Oh no radioactive dust coming!!!!!!!!!!!!!!!!!!!!
http://news.bbc.co.uk/2/hi/asia-pacific/8277924.stm
I have been in 2 such ripper dustbaths. one in about? 64 in Alice springs, and one, where in a car, we could not see the end of the bonnet! OR the semi trailer we were directly behind doing idle crawl speed, only when he touched his brakes could we see a glimmer…where was that? Adelaide on the Bushfire day, (wed? 83?) can,t remember. It went from 40C, and fires in the hills to a dustbath, and then 2?hrs later a 15C drop almost instantly, followed by rain.
70% of the settled lands may have been cleared, the outback certainly has not been, if the feral goats camels and whatever, inc rabbits werent there, the Roos would be even more plentiful! and they can eat a massive amount, thanks very much…ask a farmer!
Lake Eyre was already dry as is normal, the ABC have a clip showing many of the pelicans that hatched, already dead from the fish and water dryout.
Inconvenient truth is it is normal and well documented!
I have had a gutful of climate change crap! come in Spinner!
ozspeaksup,
I’ve also “had a gutful of climate change crap!”
Do you have any evidence that ferals and introduced species such as sheep, do no more damage than Australian native animals ?
“Do you have any evidence that ferals and introduced species such as sheep, do no more damage than Australian native animals ?”
Livestock is generally contained, if nothing else. Try to keep a kangaroo or emu contained – You need a fence strong & tall enough that it makes an elephant think twice (well, for the big red roos anyway). We’re also limited in the amount that can be “controlled” by a wildlife tagging system. A property might only be allowed to shoot 1-200 animals per year one year, but none the next (doesn’t help when the property might have 3500 kangaroos running wild on the property).
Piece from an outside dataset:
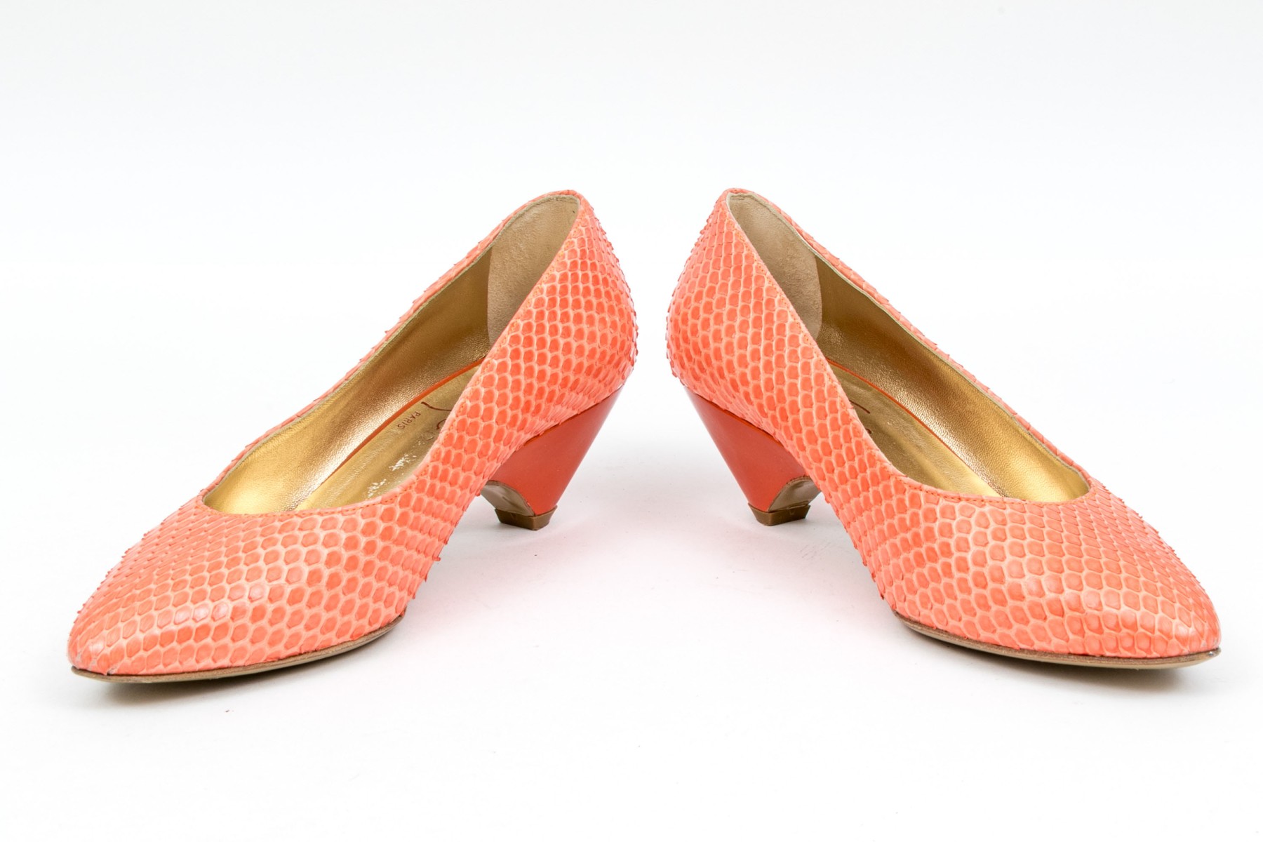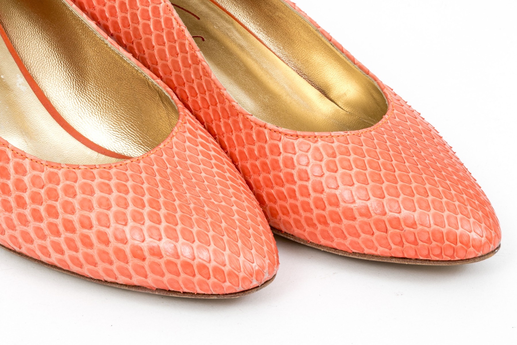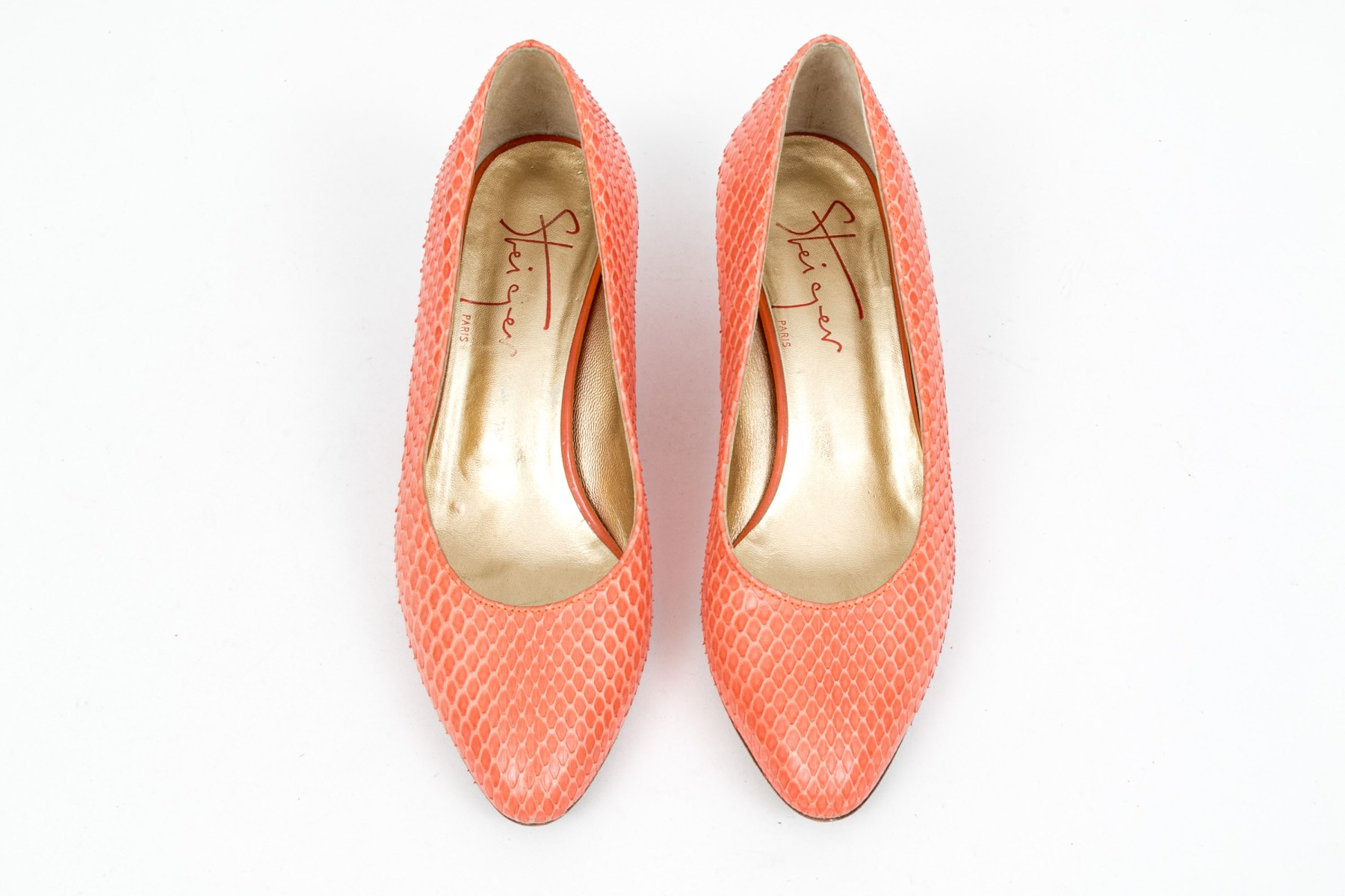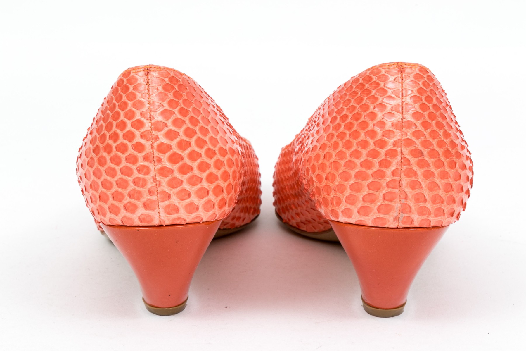 Walter Steiger fun coral snakeskin and orange heeled pumps, size 36 1/2

Livestock also don’t eat a lot of the natural flora this far out, hence the reliance on introduced pastures or forage crops.
Camels, rabbits and other introduced pests are a different kettle of fish. They still do a fair amount of destruction and eat anything, but they’re generally shot on sight, so their numbers are limited in all but the remotest areas.
Of course I have no scientific “evidence” on this; it’s all just an opinion. An opinion that’s based on the experience of living a lifetime in the Outback, which is sadly something that most meddling misfit environmental extremists & wildly enthusiastic journalists don’t have & can thus never understand.
On topic, last weekend saw another dust storm and the one I drove through last night turned out to be a fizzer.
As a tailpiece to this event, Dust Watch produced this interesting .pdf.,including a discussion of land management practices.
They found most of the dust came from Lake Eyre Basin, Channel country of South East Queensland and North West NSW.